## DATA SECTION
==================================================
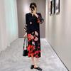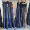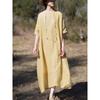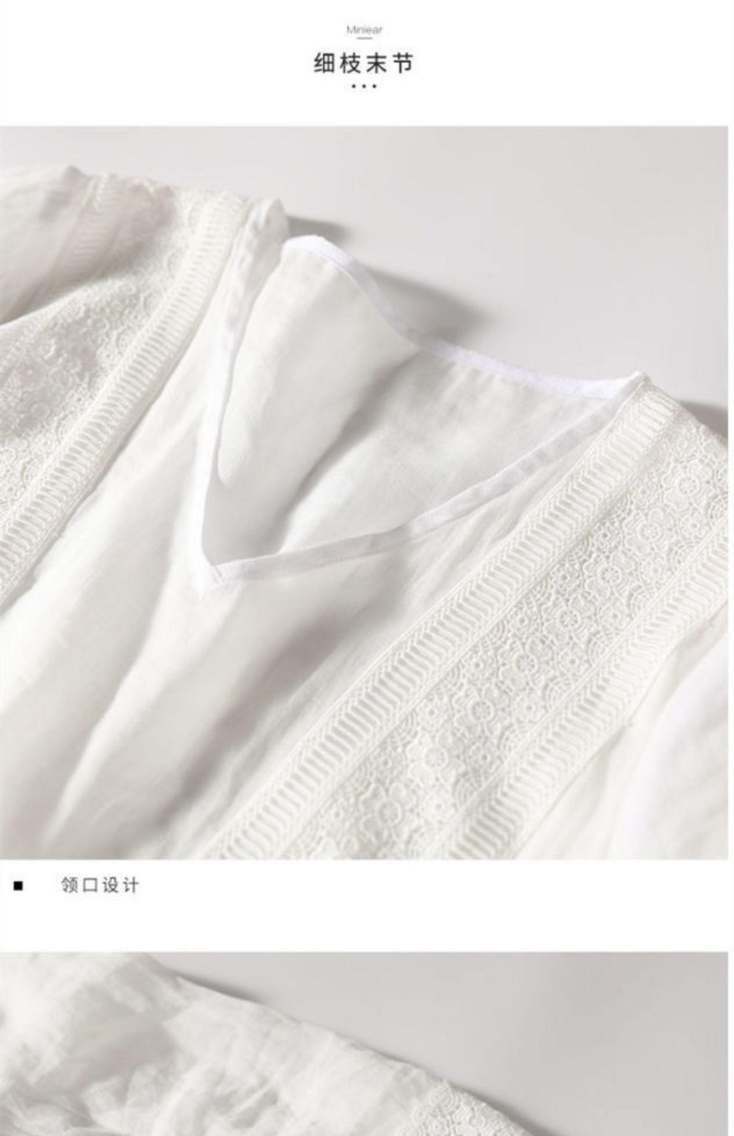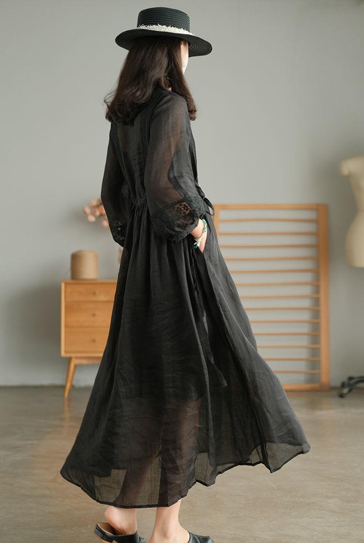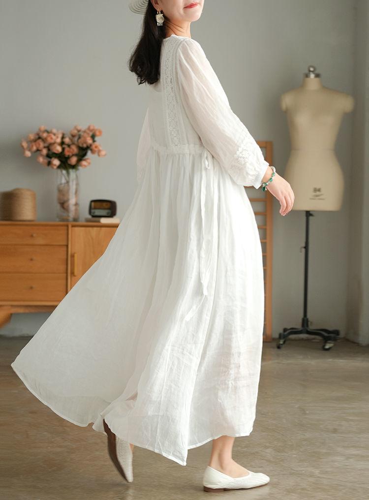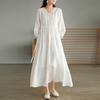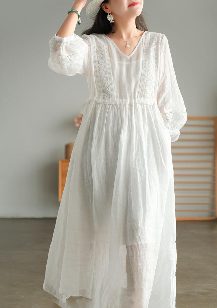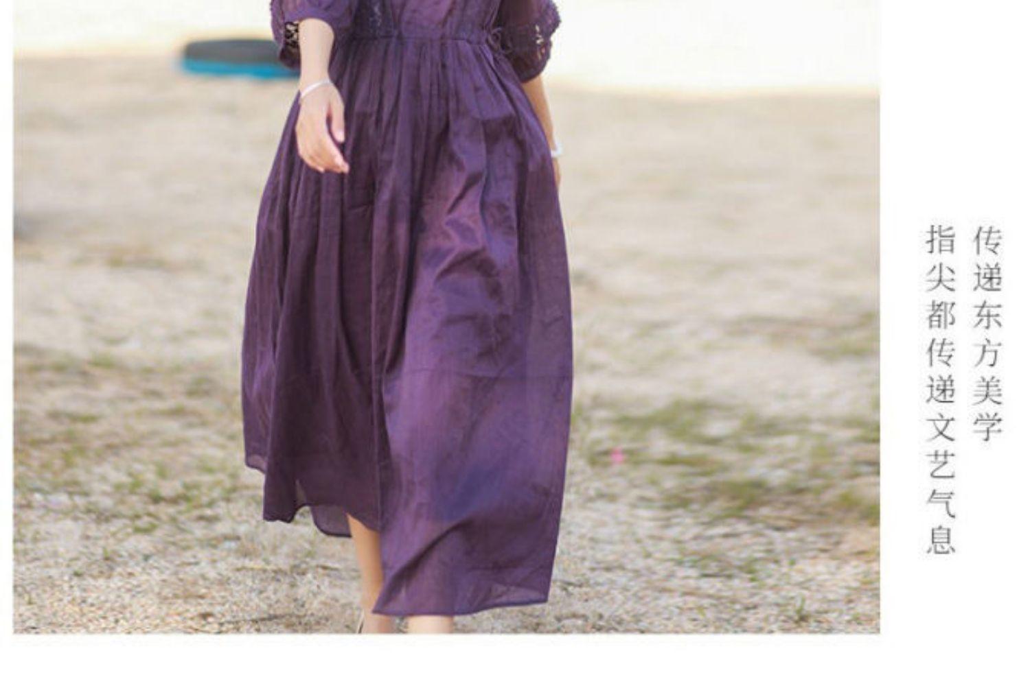 Vestido Cómodo y a la Moda Sencillo de Siete Mangas Estilo Artístico con Cordones Largo Cuello en V Estilo Fresco
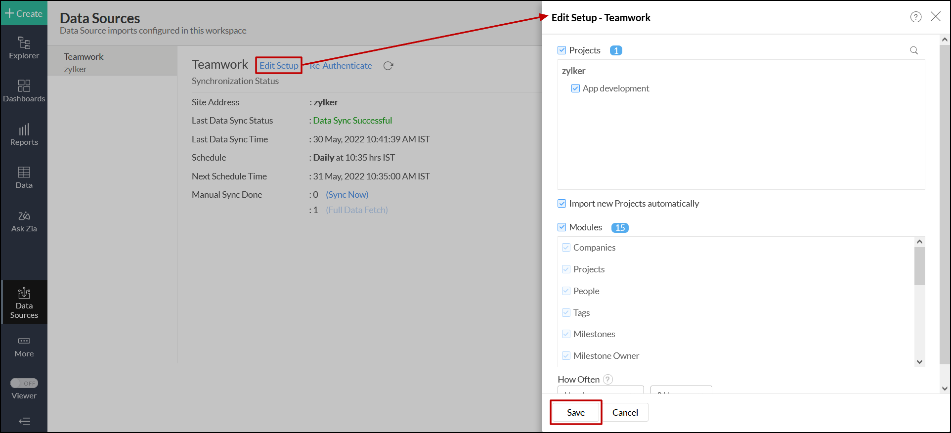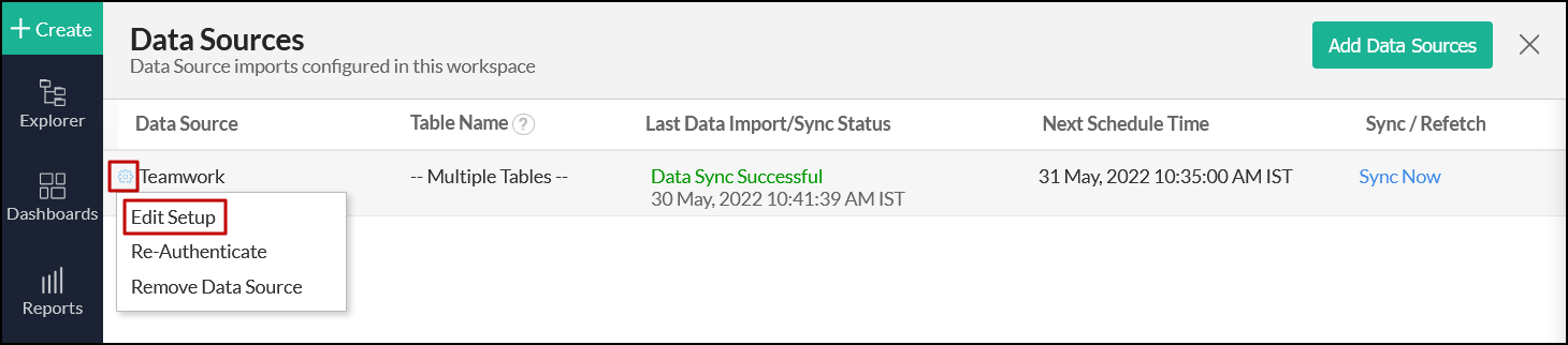Teamworkデータソースに移動し、[セットアップを編集]リンクをクリックします。
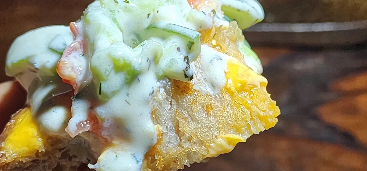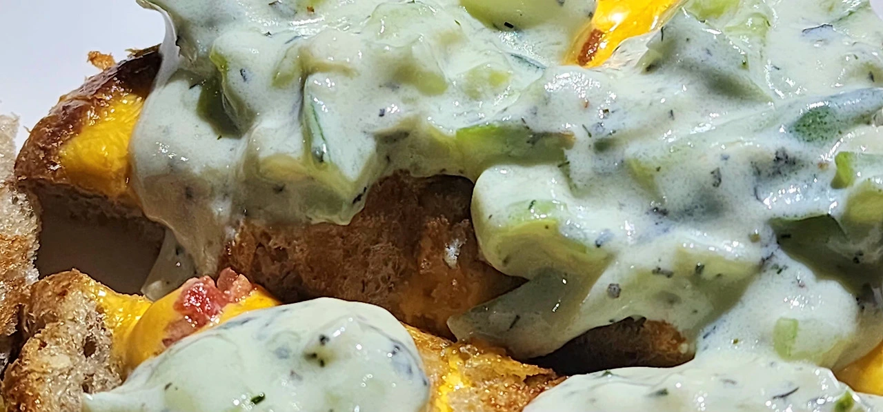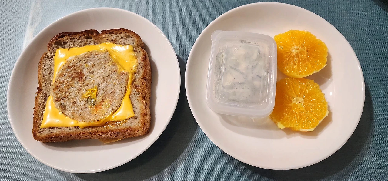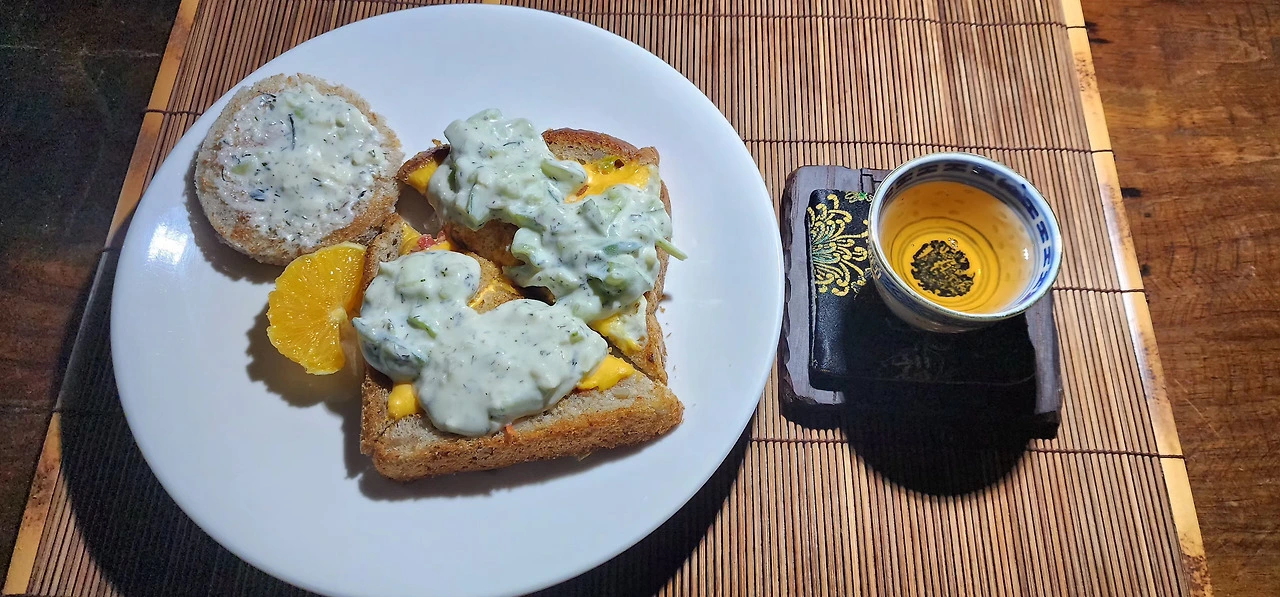 완성된 토스트에 차지키 소스를 올려서 먹는다. 나는 좀 전에 먹었다. 야식인 셈이다. 남은 동그란 빵 조각에도 차지키 소스를 발라 먹었다. 달걀, 토마토, 치즈가 들어간 토스트에 차지키 소스를 올려 먹은 맛이 풍부하게 다가와서 입맛을 돋웠고, 그냥 구운 식빵에 올려 먹은 차지키 소스는 차지키 소스 맛이 더 강하게 느껴졌지만 맛은 담백했다.
==================================================
## HOW TO COMPLETE THIS TASK
Take the listing above and retype it exactly. Its pictures are to be omitted.

## YOUR SOLUTION
 Vestido Cómodo y a la Moda Sencillo de Siete Mangas Estilo Artístico con Cordones Largo Cuello en V Estilo Fresco
Teamworkデータソースに移動し、[セットアップを編集]リンクをクリックします。
 완성된 토스트에 차지키 소스를 올려서 먹는다. 나는 좀 전에 먹었다. 야식인 셈이다. 남은 동그란 빵 조각에도 차지키 소스를 발라 먹었다. 달걀, 토마토, 치즈가 들어간 토스트에 차지키 소스를 올려 먹은 맛이 풍부하게 다가와서 입맛을 돋웠고, 그냥 구운 식빵에 올려 먹은 차지키 소스는 차지키 소스 맛이 더 강하게 느껴졌지만 맛은 담백했다.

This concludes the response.